Over the last several months, there have been a number of important shifts happening in my business. Some are perfectly normal and comfortable and leave me wondering why I haven’t always done things this way; others, quite frankly, scare the bejeebus out of me. Through all of it, I’ve found myself caught up in wishing – feeling like I need to overhaul my office, my internal processes, even the way I market the studio. This morning, what I realized I hadn’t been doing at all was taking time to actually appreciate what I’ve spent the last five years building. And I wondered: hokey as the thought may seem, what would it look like if I spent less time constantly wishing things were different, and spent some time simply loving what is?
As independent professionals, we spend a lot of time learning. We read books, articles, blogs, all by people calling themselves experts, all proposing some new way that we need to do things in order to succeed. But how often do we really listen to ourselves? How often do we sit back, really look at where we are, and trust that we know what to do?
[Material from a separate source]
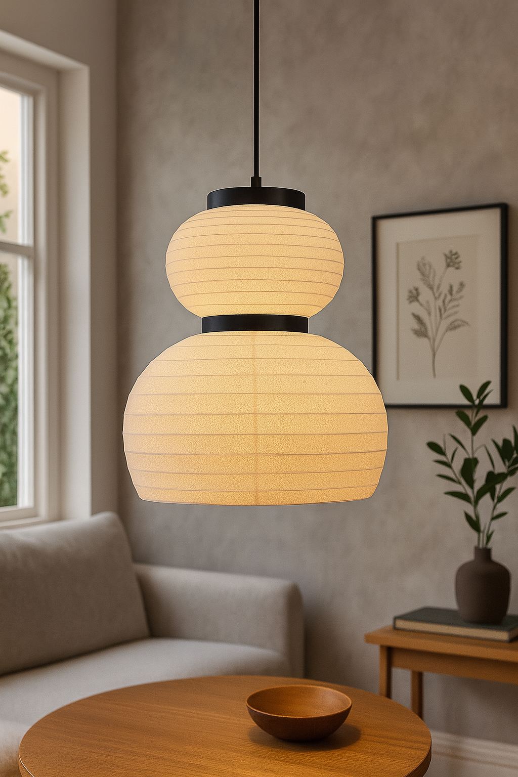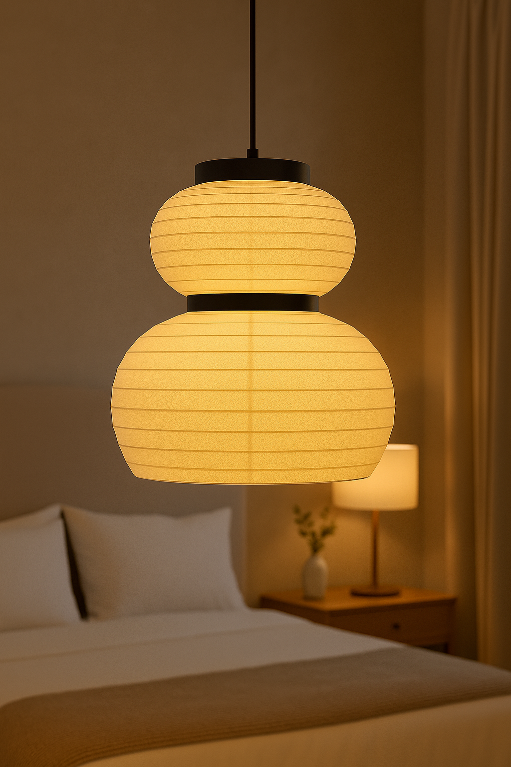 Den dubbla skärmen formar en elegant siluett som för tankarna till japansk minimalism. Den övre globen balanserar smidigt ovanpå den bredare, nedre kupan och ger ett vackert ljusspel när lampan är tänd.

And frankly, when everyone who owns an independent service business (and trust me, I count among that number) is writing all these articles trying to prove that they’re an “expert” in something, how do we figure out who to listen to and who to ignore?
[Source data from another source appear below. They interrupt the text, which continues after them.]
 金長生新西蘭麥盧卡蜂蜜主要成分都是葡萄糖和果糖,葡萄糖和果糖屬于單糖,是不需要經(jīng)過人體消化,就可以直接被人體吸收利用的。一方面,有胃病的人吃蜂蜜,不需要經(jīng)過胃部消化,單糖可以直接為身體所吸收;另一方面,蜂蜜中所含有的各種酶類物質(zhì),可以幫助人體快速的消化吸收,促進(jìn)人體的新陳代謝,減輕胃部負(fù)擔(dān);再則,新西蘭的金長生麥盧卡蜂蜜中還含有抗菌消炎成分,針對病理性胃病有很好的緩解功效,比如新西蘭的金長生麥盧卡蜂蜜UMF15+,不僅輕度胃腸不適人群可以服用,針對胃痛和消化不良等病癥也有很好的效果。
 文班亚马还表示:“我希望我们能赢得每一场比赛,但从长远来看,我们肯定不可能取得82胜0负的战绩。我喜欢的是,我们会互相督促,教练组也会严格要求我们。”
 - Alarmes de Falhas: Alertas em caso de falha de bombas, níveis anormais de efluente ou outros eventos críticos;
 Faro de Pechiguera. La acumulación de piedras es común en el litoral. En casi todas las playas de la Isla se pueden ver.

I’m beginning to think the answer lies in shutting down the noise – at least for a little while – and going back into ourselves. I think we need to start with what we do know, and then worry about what to add to that knowledge. I think that we need to trust that we’re enough.
I’ll admit it: I’m feeling a bit stuck lately. Part of the next stage of business development at my studio involves making room for and landing higher-paying jobs, and instead of moving forward, plan in hand, I’ve spent the last couple of days staring at my computer, hitting “Get Mail” over and over again. That, and feeling incredibly guilty, like I’m somehow sabotaging my business with non-productivity.
What causes this? Is it a fear of failure? Is it fear of success? Is it the fact that spring has been threatening to invade New England for a couple of weeks now, but the temperature doesn’t seem to have caught on to this yet?
A little bit of each, I think. But what to do about it?
Looking back at the times I’ve felt this way, I realize that it’s usually a relatively short, passing thing that always precedes something major – and it usually marks the fact that there’s something I’m missing in the path I’m taking. The worst part of this, as an entrepreneur, is feeling like you’re being unproductive, like you should be out *doing* something. But part of owning your own business is making room for creativity and brainstorming, and sometimes that means having a couple of days off while you sort through something that’s sticking you.
And thinking about it some more, I realize that becoming unstuck generally requires two things:
- telling someone you’re feeling stuck (which I’m doing)
- going somewhere quiet, away from technology and all the things you “need” to do, and contemplating what it is you really want from whatever’s sticking you.